What is needed: Only the pictures should be dropped; every line of the data must come back exactly as written.

Source data:
.....

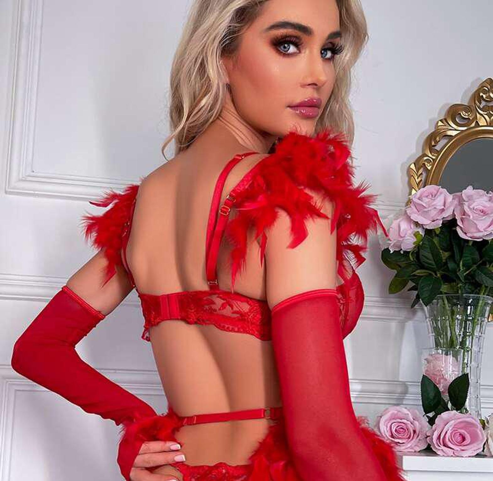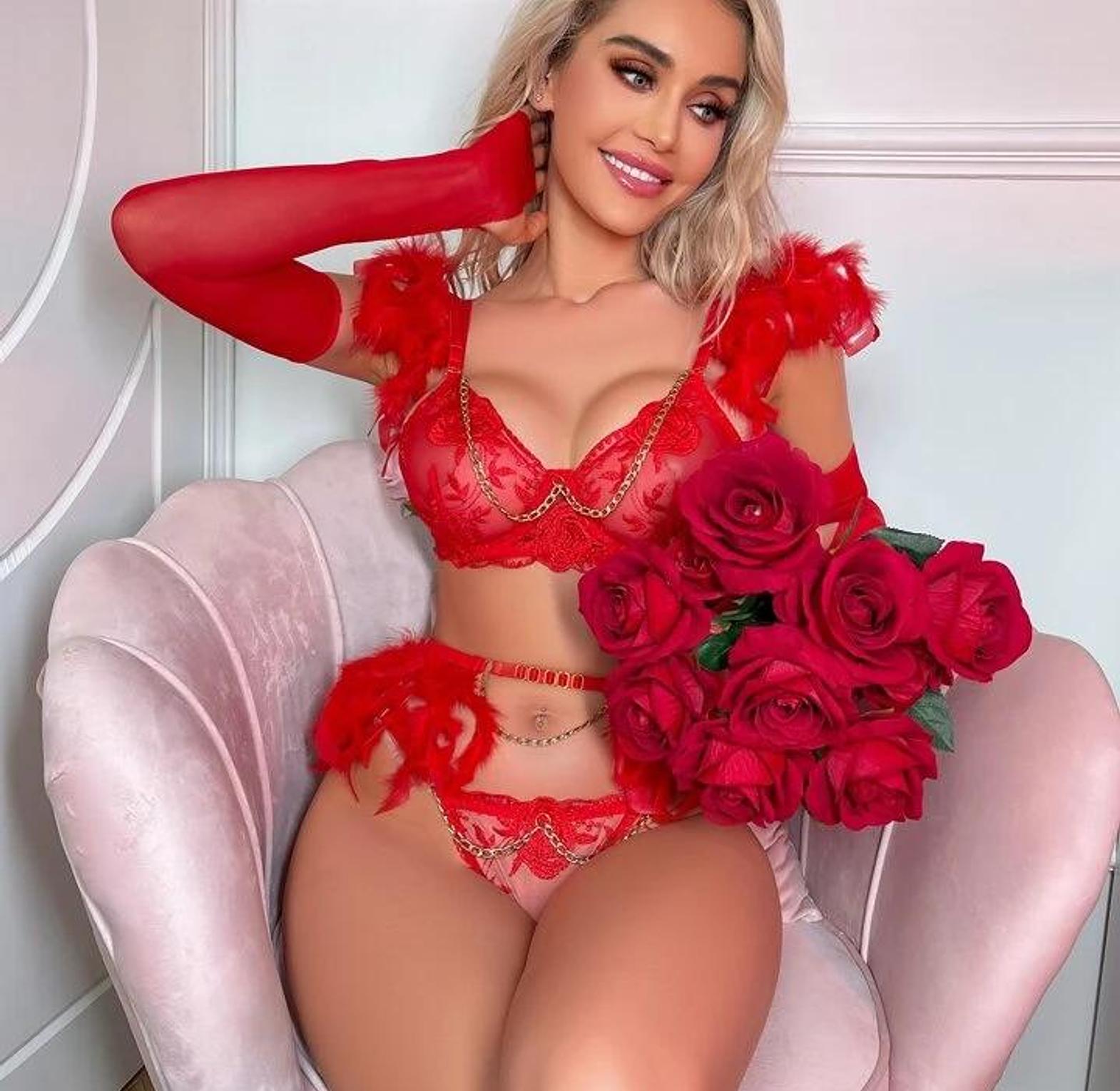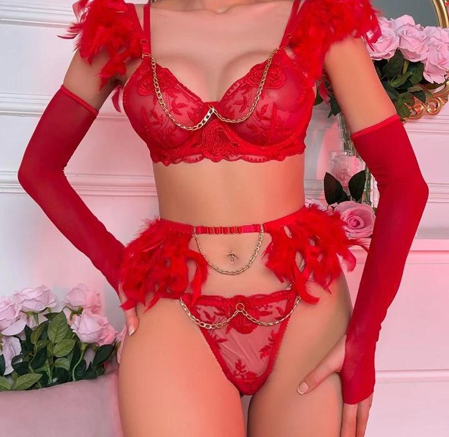 This floral lace lingerie set features delicate chain accents, a soft diffuse finish, and matching gloves—crafted for an unforgettable, high-impact boudoir look.
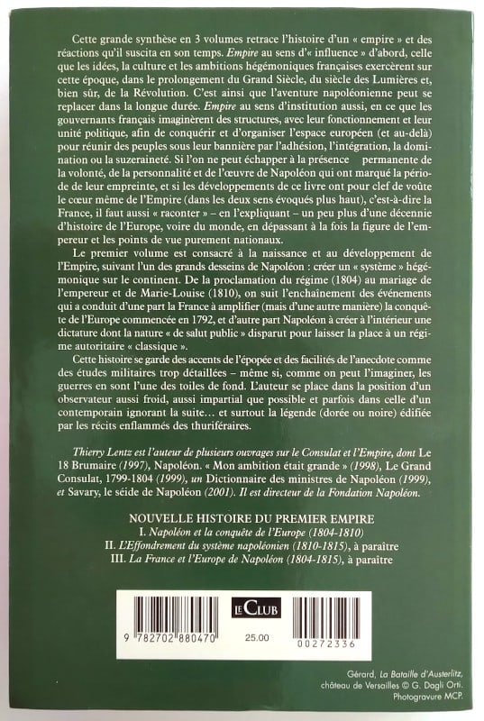Cette grande synthèse en 3 volumes retrace l’histoire d’un « empire » et des réactions qu’il suscita en son temps. Empire au sens d’« influence » d’abord, celle que les idées, la culture et les ambitions hégémoniques françaises exercèrent sur cette époque, dans le prolongement du Grand Siècle, du siècle des Lumières et, bien sûr, de la Révolution. C’est ainsi que l’aventure napoléonienne peut se replacer dans la longue durée. Empire au sens d’institution aussi, en ce que les gouvernants français imaginèrent des structures, avec leur fonctionnement et leur unité politique, afin de conquérir et d’organiser l’espace européen (et au-delà) pour réunir des peuples sous leur bannière par l’adhésion, l’intégration, la domination ou la suzeraineté. Si l’on ne peut échapper à la présence permanente de la volonté, de la personnalité et de l’œuvre de Napoléon qui ont marqué la période de leur empreinte, et si les développements de ce livre ont pour clef de voûte le cœur même de l’Empire (dans les deux sens évoqués plus haut), c’est-à-dire la France, il faut aussi « raconter » – en l’expliquant – un peu plus d’une décennie d’histoire de l’Europe, voire du monde, en dépassant à la fois la figure de l’empereur et les points de vue purement nationaux.
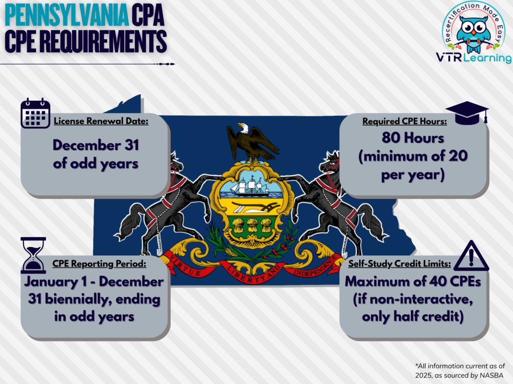Essentially, members living in Pennsylvania must renew their license every two years. And they need to complete at least 20 hours of CPE each year. However, for the overall requirement, they must complete 80 hours of CPE. The chart below offers further details on the requirements for licensees in Pennsylvania.
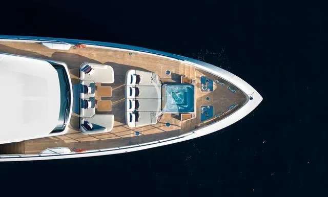 The Grande 36M introduces Azimut’s first semi-walkaround upper deck, extending almost the full length of the yacht. This flush, open promenade runs from stern to bow, offering an extraordinary sense of freedom and panoramic views. The sky lounge opens completely into the aft terrace thanks to fully retractable side windows, creating one continuous, barrier-free space. All the way forward, a spectacular glass whirlpool tub and generous sunpads form an exclusive private retreat, designed for pure relaxation in total comfort.
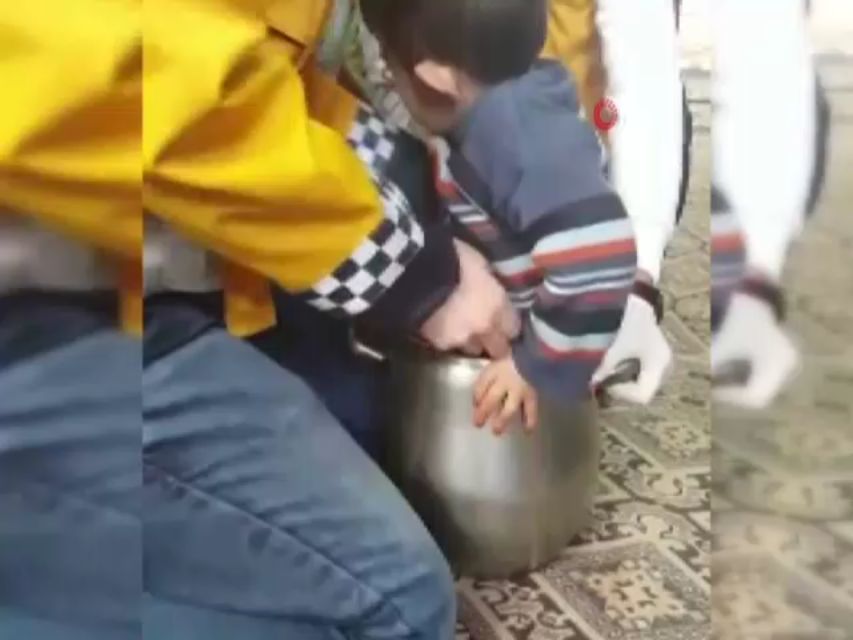 Minik afacan düdüklü tencereye sıkıştı
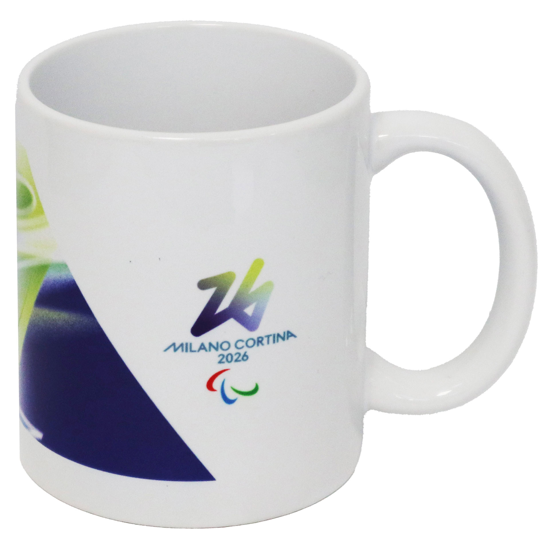 TAZZA MUG OLIMPIADI MILANO CORTINA 2026 IN CERAMICA DA COLLEZIONE DIMENSIONI DIAMETRO 8 CM LOGO PARALYMPIC LOOK VERDE
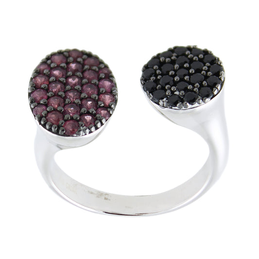 925 Sterling Silver Black Spinel, Rhodolite Garnet Ring
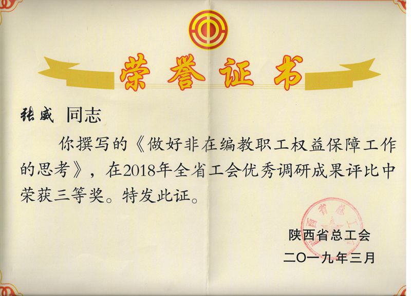 近日,陕西省总工会发布了陕工办发〔2019〕11号《关于2018年全省工会优秀调研成果评比情况的通报》,学院张威老师撰写的论文《做好非在编教职工权益保障工作的思考》获全省优秀调研成果三等奖。
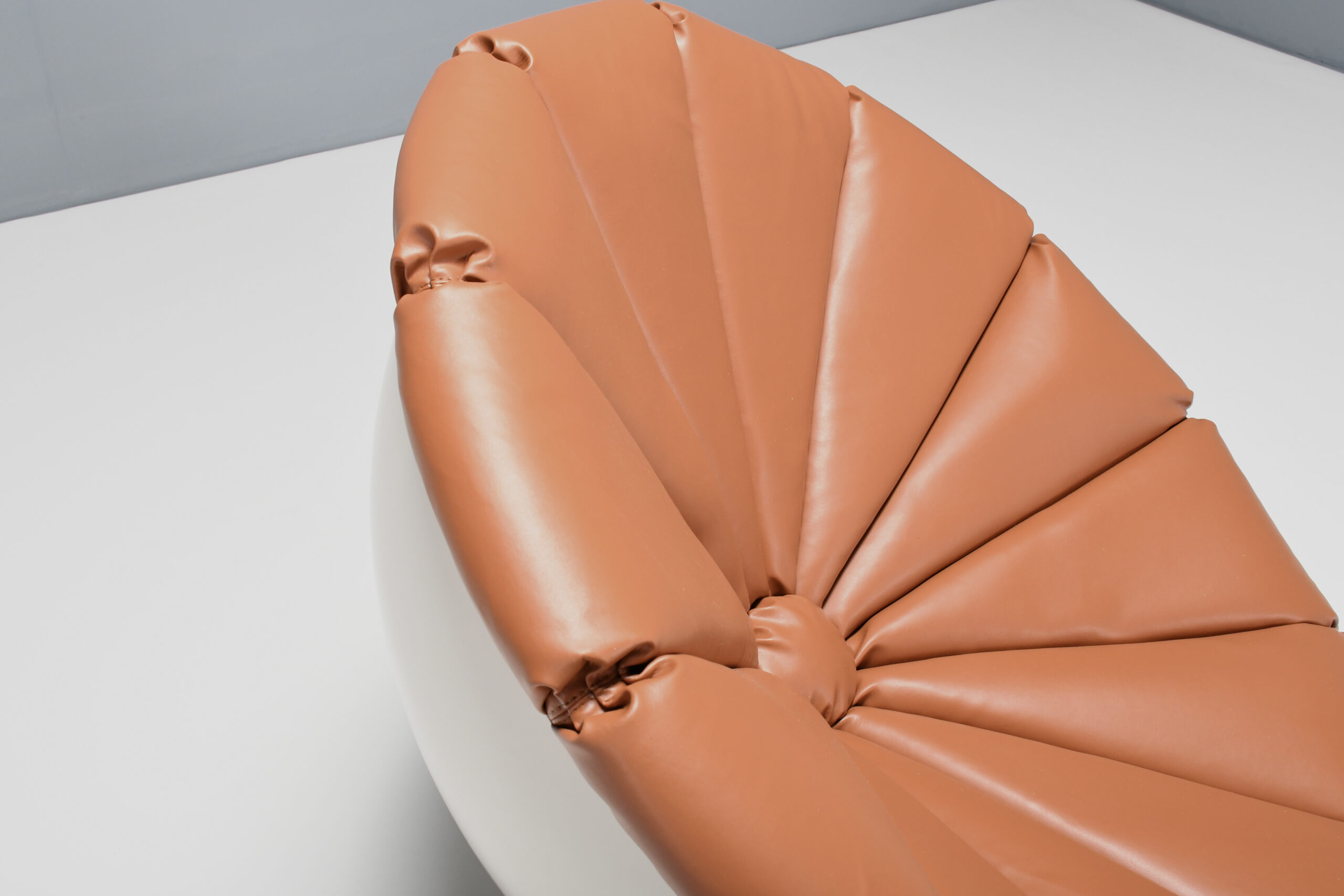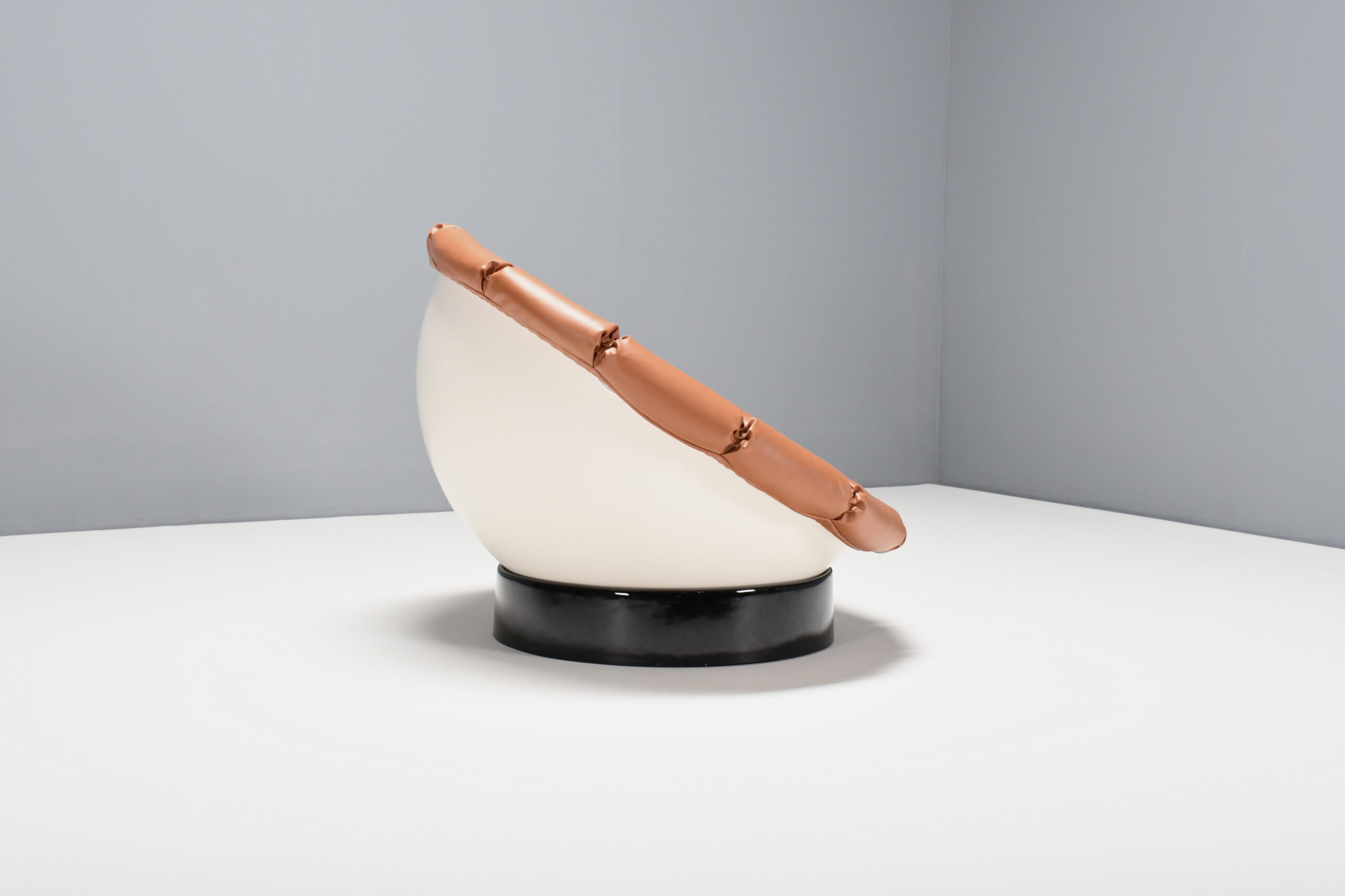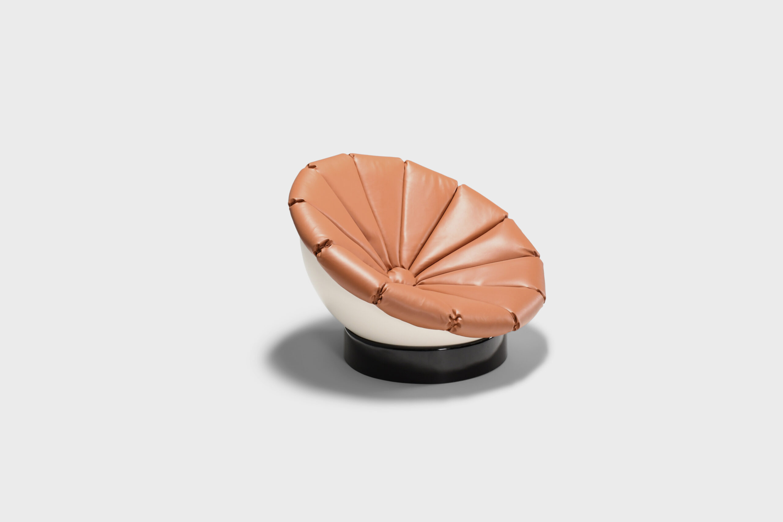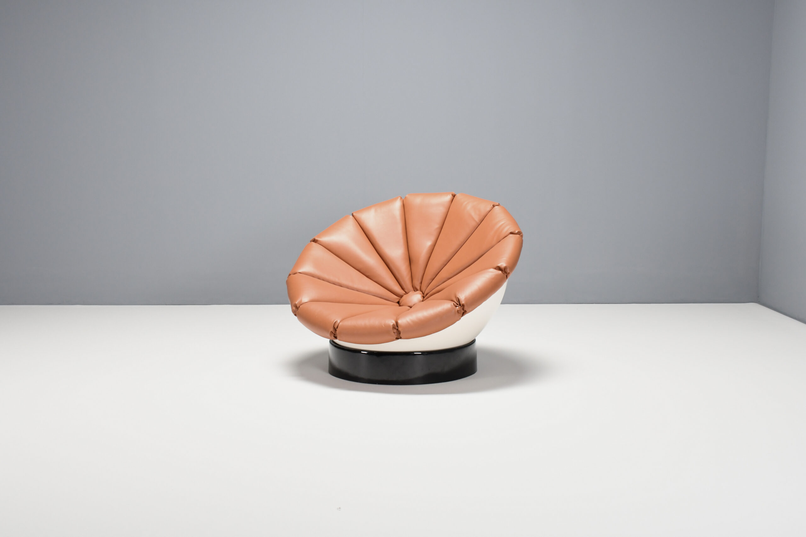 Beautiful Space Age ‘Girasole’ chair in excellent condition. Designed by Luciano Frigerio in the 1960s. The chair consists of a fiberglass half sphere which is lacquered white. The sphere rests on a black lacquered fiberglass ring which enables it to move in every direction and angle. The chair is reupholstered in a high quality faux leather in a cognac color. The upholstery is formed in the chape of a flower. That’s why the chair is called ‘Girasole’ which is Italian for sunflower.

.....

Exercise output:
 This floral lace lingerie set features delicate chain accents, a soft diffuse finish, and matching gloves—crafted for an unforgettable, high-impact boudoir look.
Cette grande synthèse en 3 volumes retrace l’histoire d’un « empire » et des réactions qu’il suscita en son temps. Empire au sens d’« influence » d’abord, celle que les idées, la culture et les ambitions hégémoniques françaises exercèrent sur cette époque, dans le prolongement du Grand Siècle, du siècle des Lumières et, bien sûr, de la Révolution. C’est ainsi que l’aventure napoléonienne peut se replacer dans la longue durée. Empire au sens d’institution aussi, en ce que les gouvernants français imaginèrent des structures, avec leur fonctionnement et leur unité politique, afin de conquérir et d’organiser l’espace européen (et au-delà) pour réunir des peuples sous leur bannière par l’adhésion, l’intégration, la domination ou la suzeraineté. Si l’on ne peut échapper à la présence permanente de la volonté, de la personnalité et de l’œuvre de Napoléon qui ont marqué la période de leur empreinte, et si les développements de ce livre ont pour clef de voûte le cœur même de l’Empire (dans les deux sens évoqués plus haut), c’est-à-dire la France, il faut aussi « raconter » – en l’expliquant – un peu plus d’une décennie d’histoire de l’Europe, voire du monde, en dépassant à la fois la figure de l’empereur et les points de vue purement nationaux.
Essentially, members living in Pennsylvania must renew their license every two years. And they need to complete at least 20 hours of CPE each year. However, for the overall requirement, they must complete 80 hours of CPE. The chart below offers further details on the requirements for licensees in Pennsylvania.
 The Grande 36M introduces Azimut’s first semi-walkaround upper deck, extending almost the full length of the yacht. This flush, open promenade runs from stern to bow, offering an extraordinary sense of freedom and panoramic views. The sky lounge opens completely into the aft terrace thanks to fully retractable side windows, creating one continuous, barrier-free space. All the way forward, a spectacular glass whirlpool tub and generous sunpads form an exclusive private retreat, designed for pure relaxation in total comfort.
 Minik afacan düdüklü tencereye sıkıştı
 TAZZA MUG OLIMPIADI MILANO CORTINA 2026 IN CERAMICA DA COLLEZIONE DIMENSIONI DIAMETRO 8 CM LOGO PARALYMPIC LOOK VERDE
 925 Sterling Silver Black Spinel, Rhodolite Garnet Ring
 近日,陕西省总工会发布了陕工办发〔2019〕11号《关于2018年全省工会优秀调研成果评比情况的通报》,学院张威老师撰写的论文《做好非在编教职工权益保障工作的思考》获全省优秀调研成果三等奖。
 Beautiful Space Age ‘Girasole’ chair in excellent condition. Designed by Luciano Frigerio in the 1960s. The chair consists of a fiberglass half sphere which is lacquered white. The sphere rests on a black lacquered fiberglass ring which enables it to move in every direction and angle. The chair is reupholstered in a high quality faux leather in a cognac color. The upholstery is formed in the chape of a flower. That’s why the chair is called ‘Girasole’ which is Italian for sunflower.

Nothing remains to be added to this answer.